Sidewalk Labs, Alphabet’s “urban innovation” unit, planned to build a “smart city” model along a 12-acre stretch of Toronto waterfront known as Quayside.
But they abandoned the project in 2020, MIT notes Technology overview“at the end of years of public debate over a $900 million vision for a data-rich city within a city.”
The main idea of Sidewalk was new bright technologies. This unassuming stretch of Toronto was set to become a hub for a streamlined urban experience, with robot taxis, heated sidewalks, autonomous trash collection, and an extensive digital layer to monitor everything from street crossings to park bench use. If successful, Quayside could become a proof of concept, setting a new development model for cities everywhere. This could demonstrate that the sensor-based smart city model adopted in China and the Persian Gulf has a place in more democratic societies. Instead, Sidewalk Labs’ two-and-a-half-year struggle to create an “Internet-free” neighborhood has failed to see why anyone would want to live there….

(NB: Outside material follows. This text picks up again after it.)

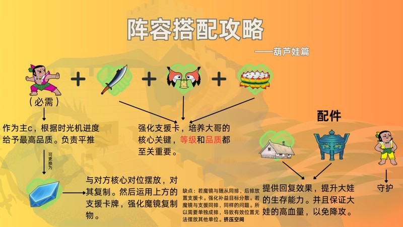 作为一张普通红色卡牌,大娃相对容易获得,是很多玩家的首选。灵露、莲花、蝎子精宝刀等支援卡牌在葫芦娃体系中具有通用性,建议优先升级。在布阵时,尽量让大娃享受到所有支援卡的加成效果。当然,也可以用魔镜替代大娃,将其放在与对方高战力随从对位的位置,支援卡则放在其后一排。不过从实战来看,魔镜的加成效果和转化能力在多数情况下仍不如大娃明显。而且魔镜作为核心卡牌,获取难度也比大娃高出不少。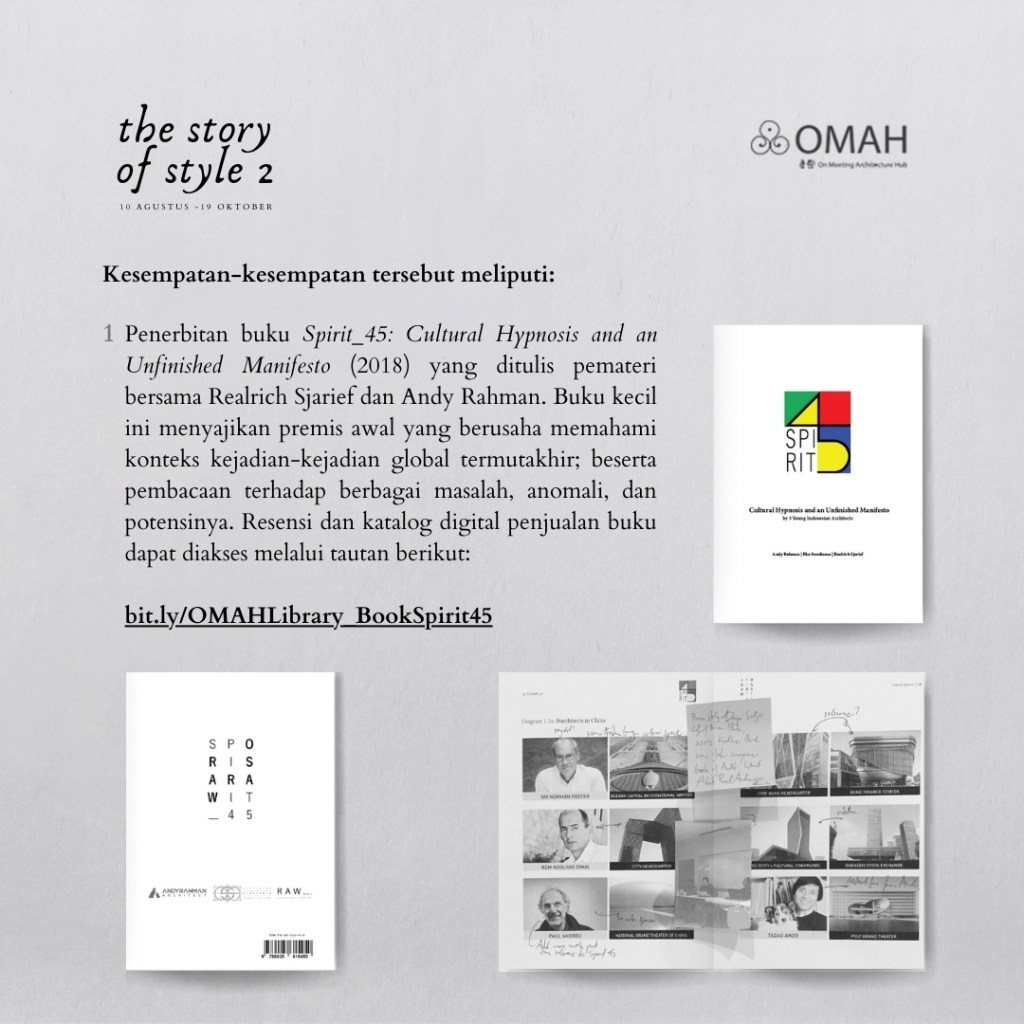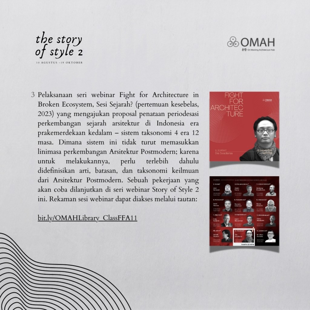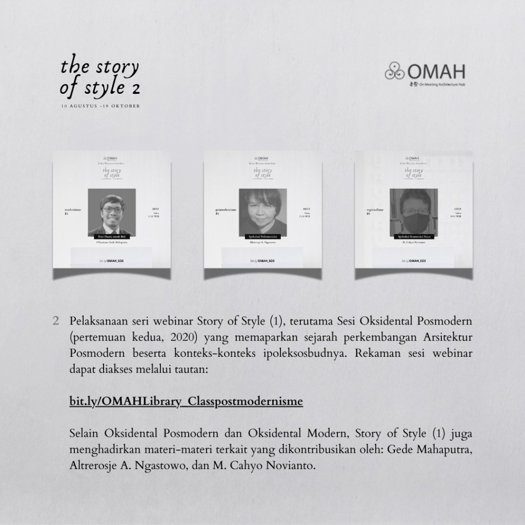 Di dalam Omah library, materi dalam kelas ini akan melanjutkan bahasan-bahasan yang sebelumnya telah pemateri sampaikan di buku Spirit_45 (2018), serta sesi Occidental Postmodernism pada serial Story of Style 1 (2020) dan sesi Sejarah? pada serial Fight for Architecture (2023).

The technical approach of the project caused the antagonism of many; his seemingly nonchalant attitude toward the privacy concerns of Torontonians was probably the main cause of his demise. Canada has far less tolerance than the US for private-sector control of public streets and transportation, or for companies to collect data on the routine activities of people as they go about their lives. “In the US, it’s life, liberty and the pursuit of happiness,” says Alex Ryan, senior vice president of partnership solutions at MaRS Discovery District, a Toronto nonprofit founded by a consortium of public and private funders and named North America’s largest urban innovation hub. “There is peace, order and good government in Canada. Canadians don’t expect the private sector to come in and save us from the government because we trust the government so much.”
With its top-down approach, Sidewalk failed to understand Toronto’s civic culture. Almost every person I spoke to about the project used the word “arrogance” or “arrogance” to describe the company’s attitude. Some people used both.
In February, Toronto announced new plans for the area, the article notes, with “800 affordable apartments, a two-hectare forest, a rooftop farm, a new arts space focused on Indigenous culture and a promise to be carbon-neutral. .. Indeed, the philosophical shift signaled by the new plan, with its emphasis on wind, rain, birds and bees rather than data and more data, appears to be a pragmatic response to the demands of the present and the near future.”
The article calls it “a clear rejection not only of the 2017 proposal, but of the very concept of a smart city.”